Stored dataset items
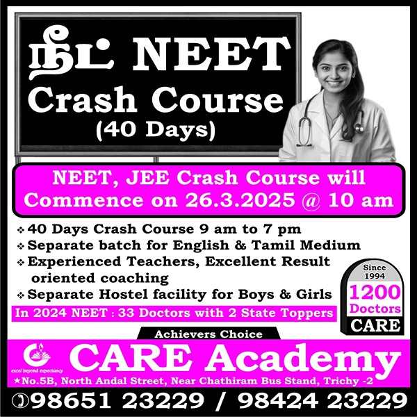 NEET Classes Trichy Care Academy Our NEET classes in Trichy are designed to offer a solid foundation for students aiming to pursue careers in medicine. Led by experienced faculty members, our classes incorporate interactive teaching methods, visual aids, and regular assessments. Whether you are a beginner or looking to enhance your performance
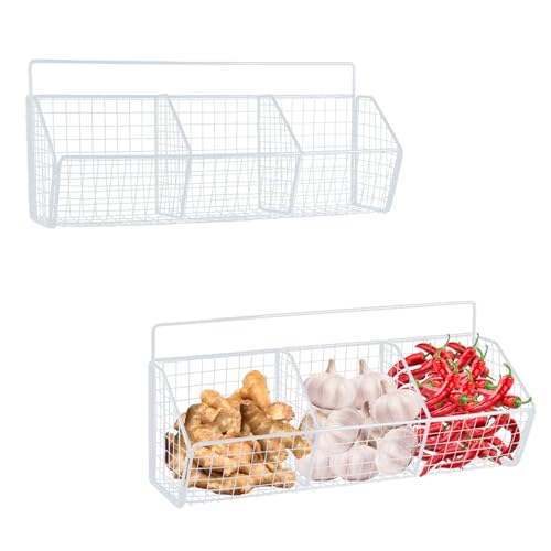 Gzsekken Wall-Mounted Hanging Kitchen Storage Baskets,Metal Storage Baskets with 3 Sections Wire Shelf No Drilling Adhesive Storage Basket Organiser Rack for Shower Kitchen,White-2pack
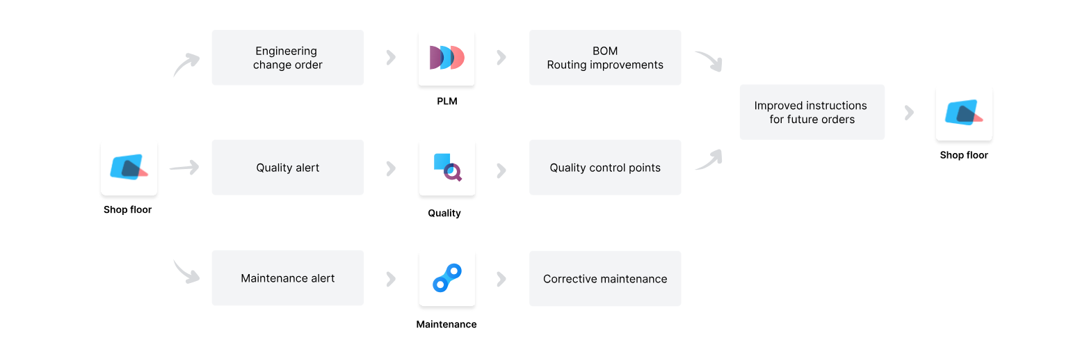 Los trabajadores pueden reportar fallas o mejoras al instante, lo que impulsa una mejora continua — uno de los principios del método Kaizen.
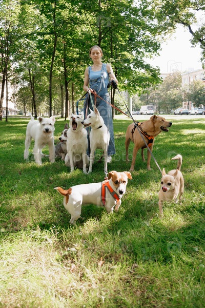 Молодая девушка гуляет с собаками на газоне в парке. понятие дружбы, домашнего питомца, отдыха
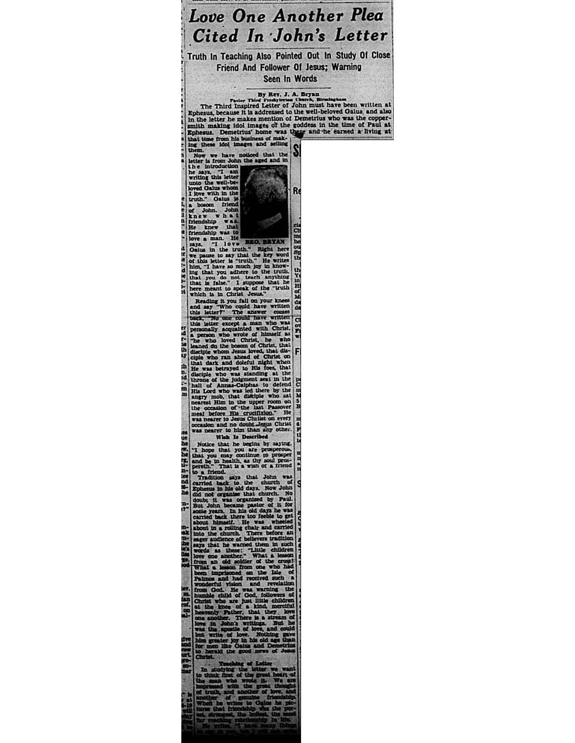 Birmingham Post-Herald | February 20, 1937 Love One Another Plea Cited in John’s Letter Notes:
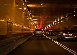 Each tube provides a 21.5-foot-wide (6.6 m) roadway with two lanes and 13 feet (4.0 m) of vertical clearance.[2] Most vehicles carrying hazmats are not allowed in the tunnel, and trucks cannot use the center tube. There is a width limit of 8 feet 6 inches (2.59 m) for vehicles entering the tunnel.[3]
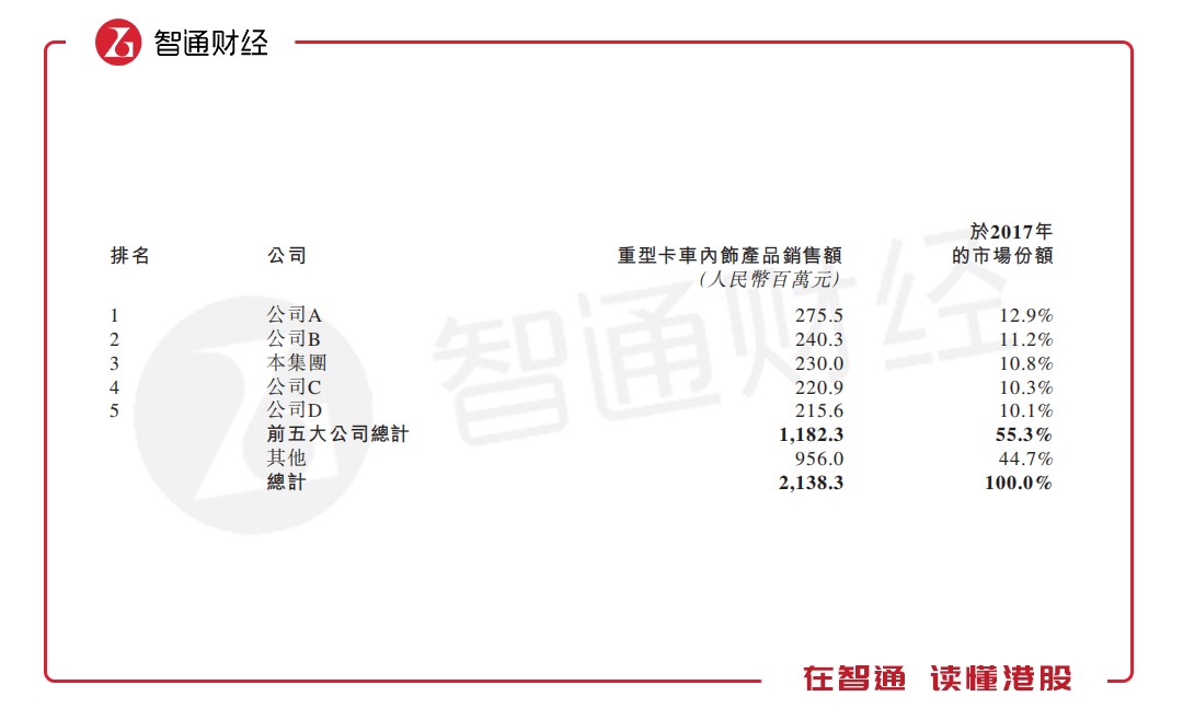根據(jù)弗若斯特沙利文報(bào)告,按重型卡車內(nèi)飾產(chǎn)品的銷售額計(jì),公司是中國西北最大的重型卡車內(nèi)飾產(chǎn)品制造商(2017年市場(chǎng)份額達(dá)62.7%)及中國的第三大制造商(2017年市場(chǎng)份額達(dá)10.8%);按汽車內(nèi)飾產(chǎn)品的銷售額計(jì),公司是中國西北第二大汽車內(nèi)飾產(chǎn)品制造商(2017年市場(chǎng)份額達(dá)15.6%)及中國第十四大制造商(2017年市場(chǎng)份額達(dá)0.4%)。

* Aim of the task
Would you please output each record exactly, leaving the images out?

* Answer space
 NEET Classes Trichy Care Academy Our NEET classes in Trichy are designed to offer a solid foundation for students aiming to pursue careers in medicine. Led by experienced faculty members, our classes incorporate interactive teaching methods, visual aids, and regular assessments. Whether you are a beginner or looking to enhance your performance
 Gzsekken Wall-Mounted Hanging Kitchen Storage Baskets,Metal Storage Baskets with 3 Sections Wire Shelf No Drilling Adhesive Storage Basket Organiser Rack for Shower Kitchen,White-2pack
 Los trabajadores pueden reportar fallas o mejoras al instante, lo que impulsa una mejora continua — uno de los principios del método Kaizen.
 Молодая девушка гуляет с собаками на газоне в парке. понятие дружбы, домашнего питомца, отдыха
 Birmingham Post-Herald | February 20, 1937 Love One Another Plea Cited in John’s Letter Notes:
 Each tube provides a 21.5-foot-wide (6.6 m) roadway with two lanes and 13 feet (4.0 m) of vertical clearance.[2] Most vehicles carrying hazmats are not allowed in the tunnel, and trucks cannot use the center tube. There is a width limit of 8 feet 6 inches (2.59 m) for vehicles entering the tunnel.[3]
根據(jù)弗若斯特沙利文報(bào)告,按重型卡車內(nèi)飾產(chǎn)品的銷售額計(jì),公司是中國西北最大的重型卡車內(nèi)飾產(chǎn)品制造商(2017年市場(chǎng)份額達(dá)62.7%)及中國的第三大制造商(2017年市場(chǎng)份額達(dá)10.8%);按汽車內(nèi)飾產(chǎn)品的銷售額計(jì),公司是中國西北第二大汽車內(nèi)飾產(chǎn)品制造商(2017年市場(chǎng)份額達(dá)15.6%)及中國第十四大制造商(2017年市場(chǎng)份額達(dá)0.4%)。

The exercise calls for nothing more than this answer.